Defense Secretary Leon Panetta declared Thursday that he will not see the Pentagon budget cut. “I don’t want to hollow out the force,” Panetta told the Senate Armed Services Committee. “I am not going to do that.”
Either forgetting or disregarding two important factors with respect to the impending budget cuts, Panetta showed unusual prerogative for a Defense Secretary. First, Congress has the power to dictate the allocation of funds, not the Defense Secretary. Secondly, the maximum proposed cut to defense is no larger than $600 billion over the space of a decade. This would barely dent the current balance of world defense spending, of which America makes up almost half.
If the special congressional deficit panel – the so-called super-committee – fails to agree on $1.2 trillion in federal spending cuts by Thanksgiving, the Pentagon would face around $600 billion in automatic, across the board cuts. Defense Department complaints are that they already have to deal with funding reductions mandated in the August debt deal, which equal $350 billion over ten years. So, Panetta warned, the super-committee had better make a deal before the deadline.

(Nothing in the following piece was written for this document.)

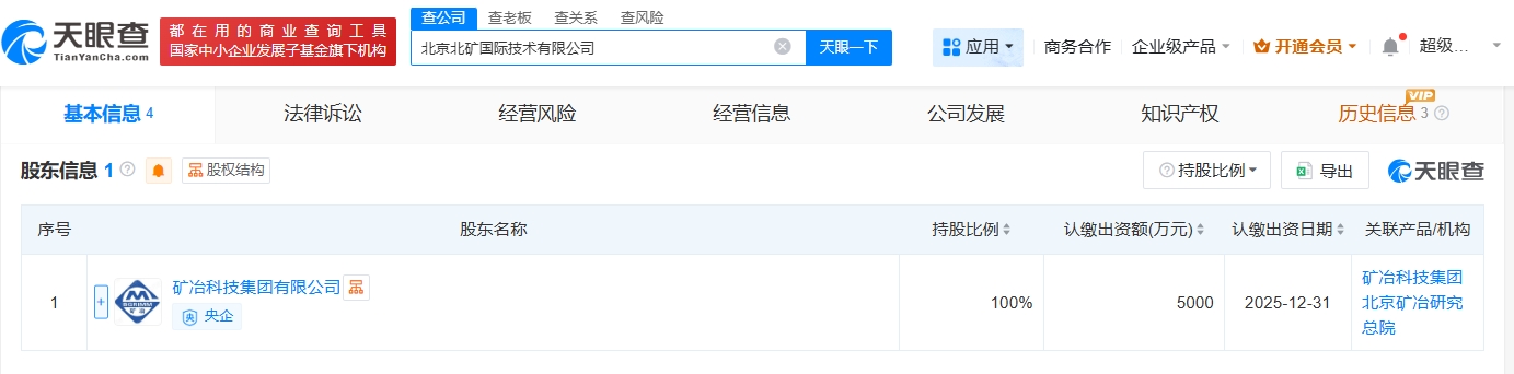 天眼查App显示,近日,北京北矿国际技术有限公司成立,法定代表人为李亚辉,注册资本5000万人民币,经营范围包括工程和技术研究和试验发展、进出口代理、国内贸易代理、贸易经纪等,由矿冶科技集团有限公司全资持股。

But signs are that he doesn’t have much to worry about. The 12 representatives in the super-committee all represent states where the biggest military industrial corporations build and manufacture weaponry. Serious cuts would put their constituents out of a job and are thus politically unpalatable.
Truthfully, resistance to cutting the defense budget is perverse after a decade of excessive increases in military expansion. The national security budget of the United States for FY 2012 totals around $1.2 trillion, or approximately one-third of the entire budget. And there is plenty of fraud, waste, abuse, and unnecessary militarism that could be cut while still out-spending any other country in defense.